WHAT YOU SHOULD DO: Starting with the opening line of the entries below, transcribe each line exactly up to and including the one that has "[뉴스노크=김인호 기자] 충북"; pictures are not copied.

PROVIDED RECORDS:

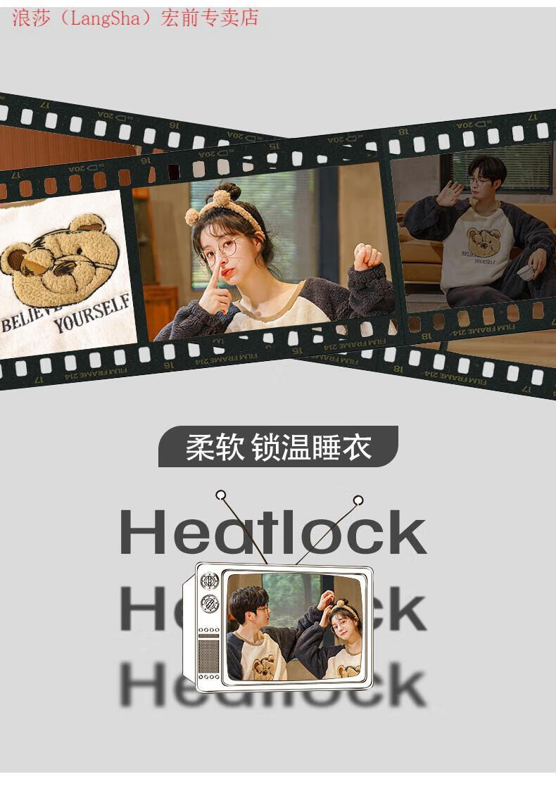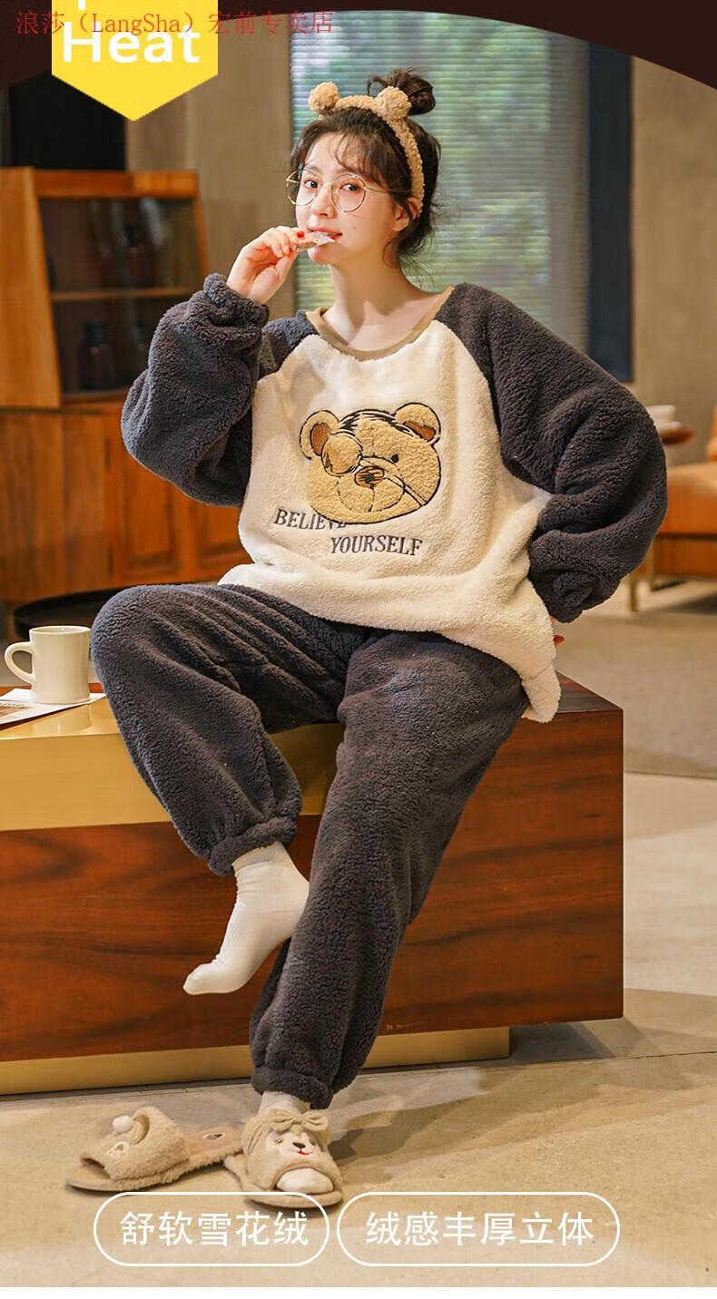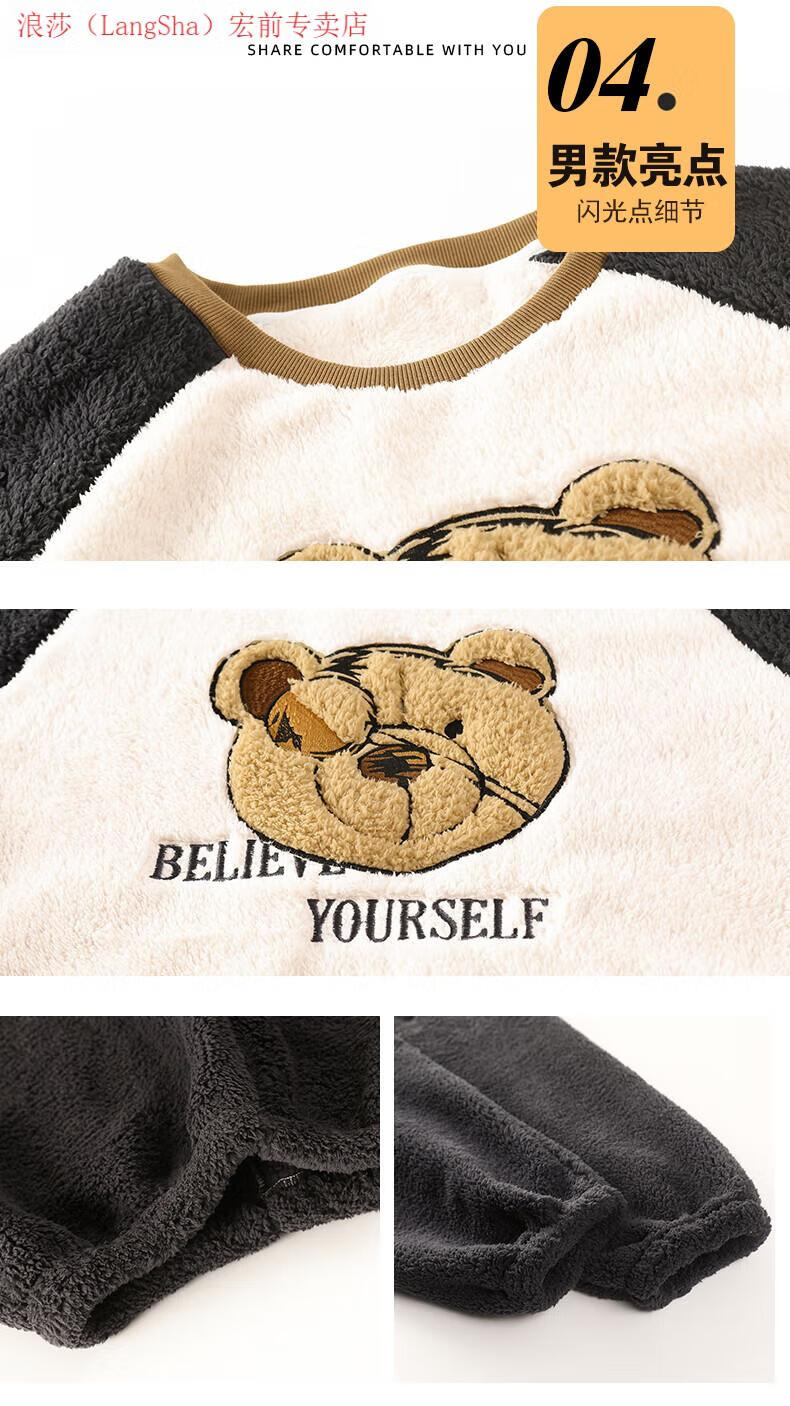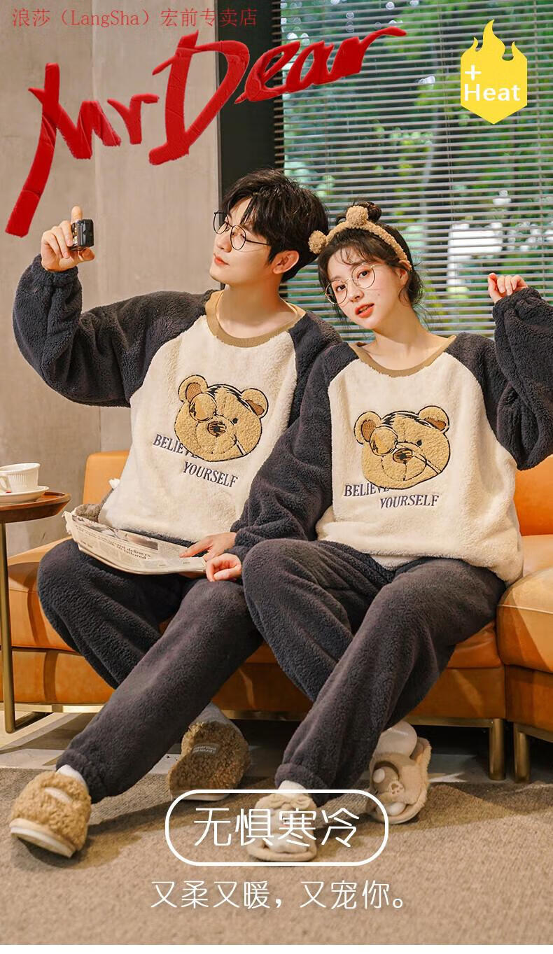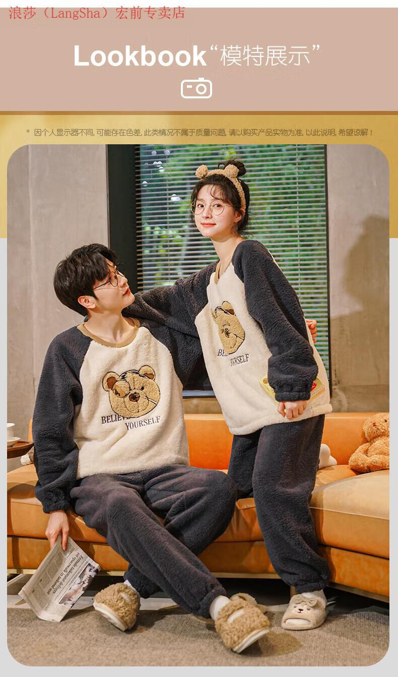 Langsha Autumn and Winter Coral Velvet Pajamas Couple Style Sweet Cartoon Plus Velvet Thickened Winter Men and Women Warm Flannel Suit Coral Velvet Round Neck Suit-HMF7908 2XL Male Recommended 150-170 Jin Jin equals 0.5 kg
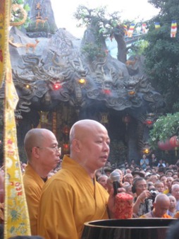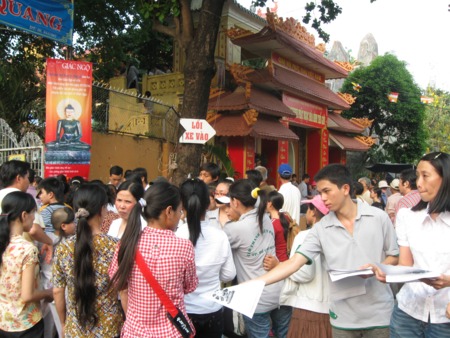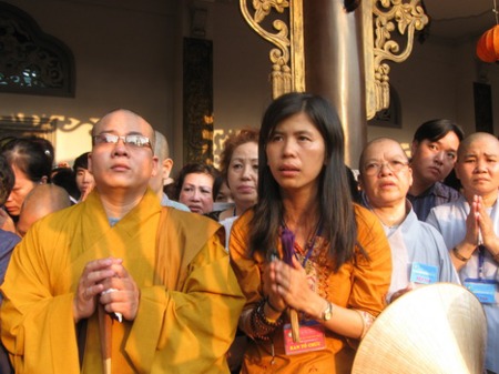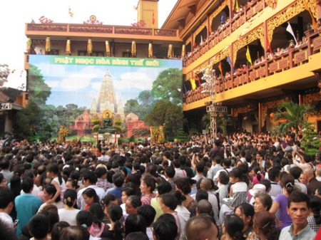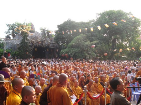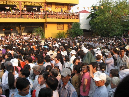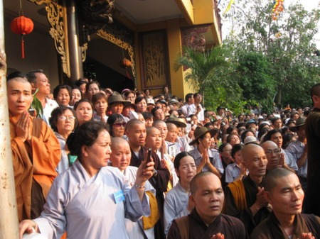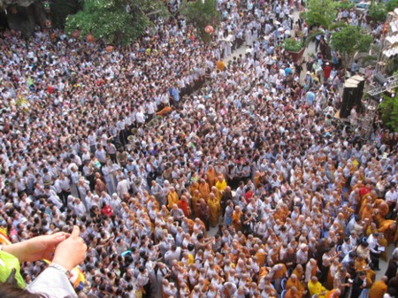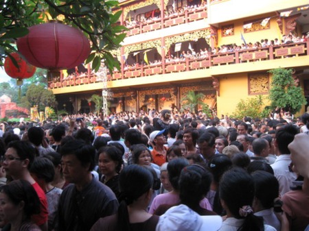 Hơn 10.000 người đứng chật kín sân chùa Phổ Quang và cả hành lang, ban công chùa
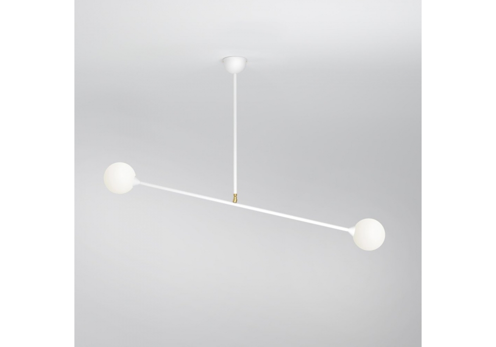 Two Spheres conçu par Atelier Areti est un plafonnier composé de finitions en poudre métallisée disponibles en noir ou blanc, en laiton et en abat-jour en verre.
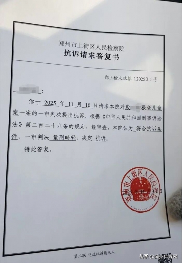 "一审判决后,我们认为量刑畸轻,向检察院申请抗诉,检察院支持了我们的抗诉请求。"19日,王女士告知记者,她已收到来自郑州市上街区检察院的抗诉请求答复书,"答复书里,检方也认为一审判决量刑畸轻,决定抗诉。"
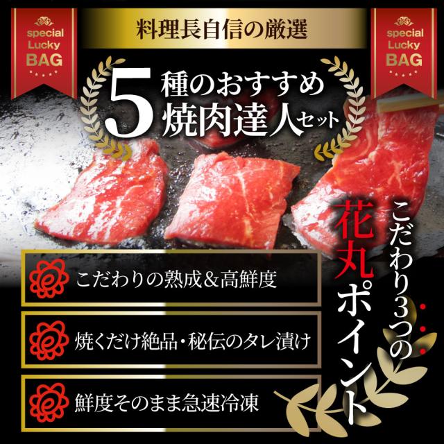 焼肉達人セット 福袋 5種盛り 食べ比べ 焼くだけ 食べ比べ セット 焼肉 惣菜 お取り寄せ ふくぶくろ バーベキュー BBQ 肉 美味しい 冷凍 送料無料 キャンプ キャンプ飯 *当日発送対象 お肉の しゃぶまる
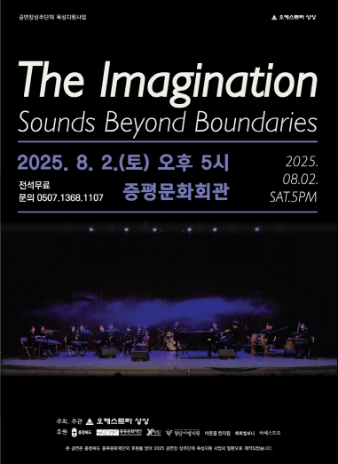 [뉴스노크=김인호 기자] 충북 증평군은 오는 8월 2일 오후 5시 증평문화회관에서 오케스트라 상상(예술감독 유용성)의 창작공연 ‘The Imagination: Sounds Beyond Boundaries’를 선보인다고 밝혔다.
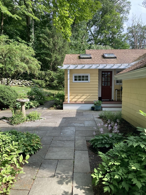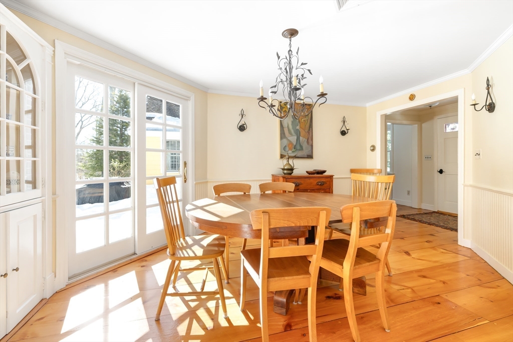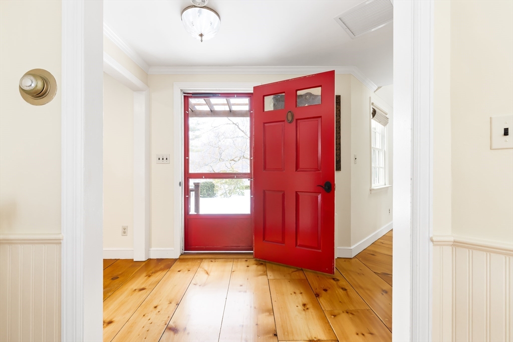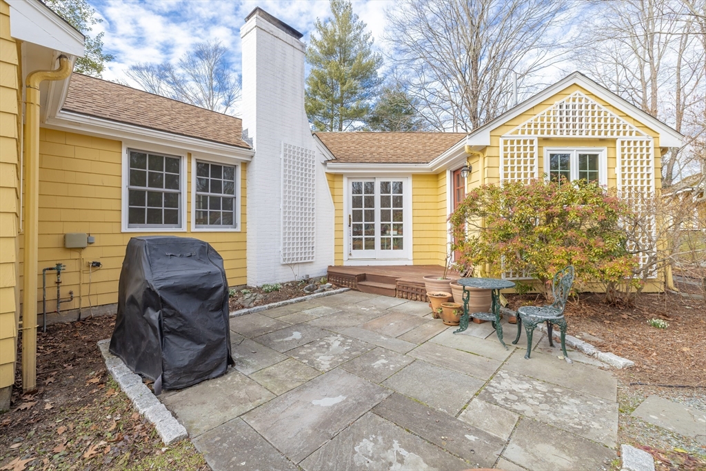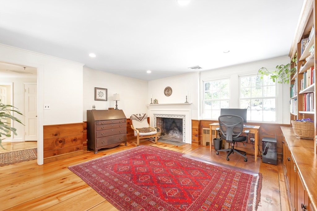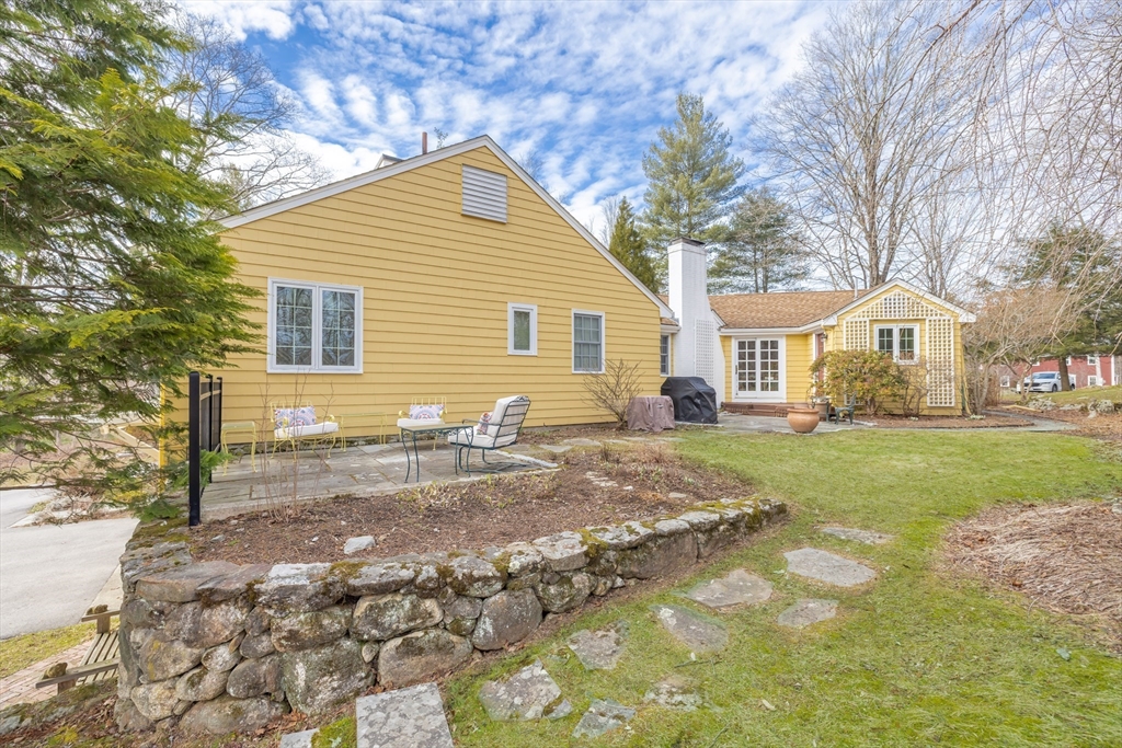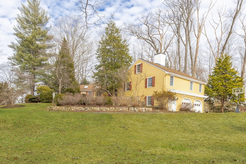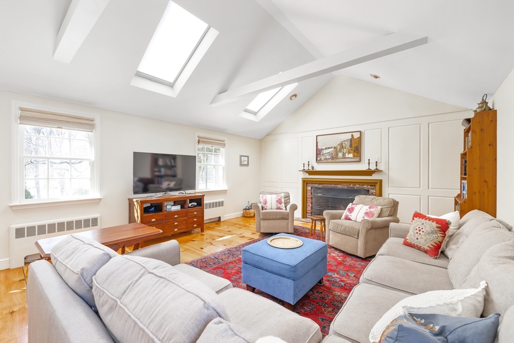 Set on a scenic country lane on 2+ private acres, this distinctive home blends timeless charm with thoughtful updates. Wide-plank pine floors and architectural details enhance the beautiful interior. The light-filled living room features a vaulted ceiling w/ exposed beams, skylights, and fireplace. A cozy den/office with custom built-ins and 2nd fireplace provides flexible living space. 4 br's are grouped in a private wing, including a 1st FLOOR PRIMARY SUITE with 2 walk-in closets and an updated bath. The renovated chef’s kitchen and sunny dining room open to bluestone patios for seamless indoor-outdoor living.The finished Lower Level offers a third fireplace, mudroom, laundry, 1/2 bath, and bonus room with direct exterior access. Magnificent grounds showcase mature plantings, stone walls, a water feature, and expansive lawn space. Located in sought-after Sherborn, known for top-ranked schools, open space, trails, and the popular Farm Pond recreation area. A truly special home!

TASK RESPONSE:
 Langsha Autumn and Winter Coral Velvet Pajamas Couple Style Sweet Cartoon Plus Velvet Thickened Winter Men and Women Warm Flannel Suit Coral Velvet Round Neck Suit-HMF7908 2XL Male Recommended 150-170 Jin Jin equals 0.5 kg
 Hơn 10.000 người đứng chật kín sân chùa Phổ Quang và cả hành lang, ban công chùa
 Two Spheres conçu par Atelier Areti est un plafonnier composé de finitions en poudre métallisée disponibles en noir ou blanc, en laiton et en abat-jour en verre.
 "一审判决后,我们认为量刑畸轻,向检察院申请抗诉,检察院支持了我们的抗诉请求。"19日,王女士告知记者,她已收到来自郑州市上街区检察院的抗诉请求答复书,"答复书里,检方也认为一审判决量刑畸轻,决定抗诉。"
 焼肉達人セット 福袋 5種盛り 食べ比べ 焼くだけ 食べ比べ セット 焼肉 惣菜 お取り寄せ ふくぶくろ バーベキュー BBQ 肉 美味しい 冷凍 送料無料 キャンプ キャンプ飯 *当日発送対象 お肉の しゃぶまる
 [뉴스노크=김인호 기자] 충북 증평군은 오는 8월 2일 오후 5시 증평문화회관에서 오케스트라 상상(예술감독 유용성)의 창작공연 ‘The Imagination: Sounds Beyond Boundaries’를 선보인다고 밝혔다.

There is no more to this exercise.